TASK TO CARRY OUT: Taking the line with "[打卡R]上山的路全是台阶,略微陡峻,但" as the first and the line with "Чадъри и шезлонги" as the last, set down exactly every line in that range from the entries below, and no more.

TASK INPUTS:
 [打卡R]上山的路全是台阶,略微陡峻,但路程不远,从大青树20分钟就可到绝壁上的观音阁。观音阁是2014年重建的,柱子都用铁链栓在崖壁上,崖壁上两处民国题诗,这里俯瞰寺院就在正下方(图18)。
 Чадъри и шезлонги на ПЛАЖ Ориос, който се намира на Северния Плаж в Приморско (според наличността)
* * *
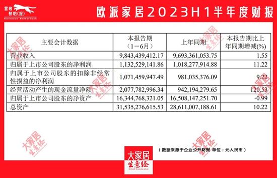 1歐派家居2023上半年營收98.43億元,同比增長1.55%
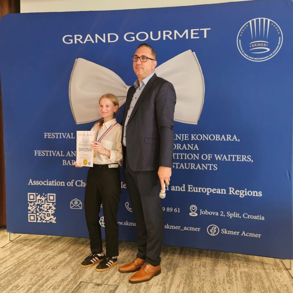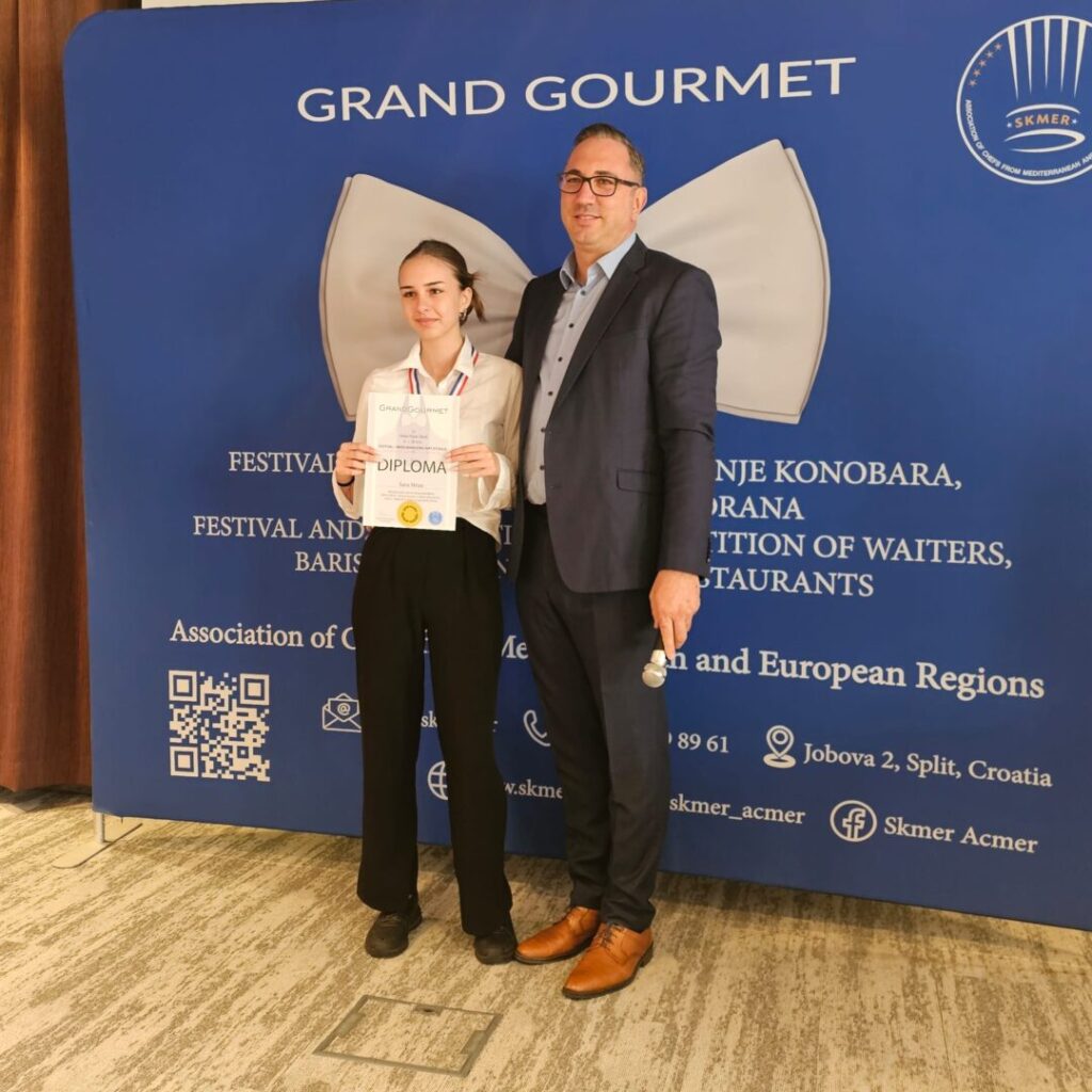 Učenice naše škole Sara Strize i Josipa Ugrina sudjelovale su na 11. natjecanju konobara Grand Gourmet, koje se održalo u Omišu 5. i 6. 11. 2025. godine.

REPLY:
 [打卡R]上山的路全是台阶,略微陡峻,但路程不远,从大青树20分钟就可到绝壁上的观音阁。观音阁是2014年重建的,柱子都用铁链栓在崖壁上,崖壁上两处民国题诗,这里俯瞰寺院就在正下方(图18)。
 Чадъри и шезлонги на ПЛАЖ Ориос, който се намира на Северния Плаж в Приморско (според наличността)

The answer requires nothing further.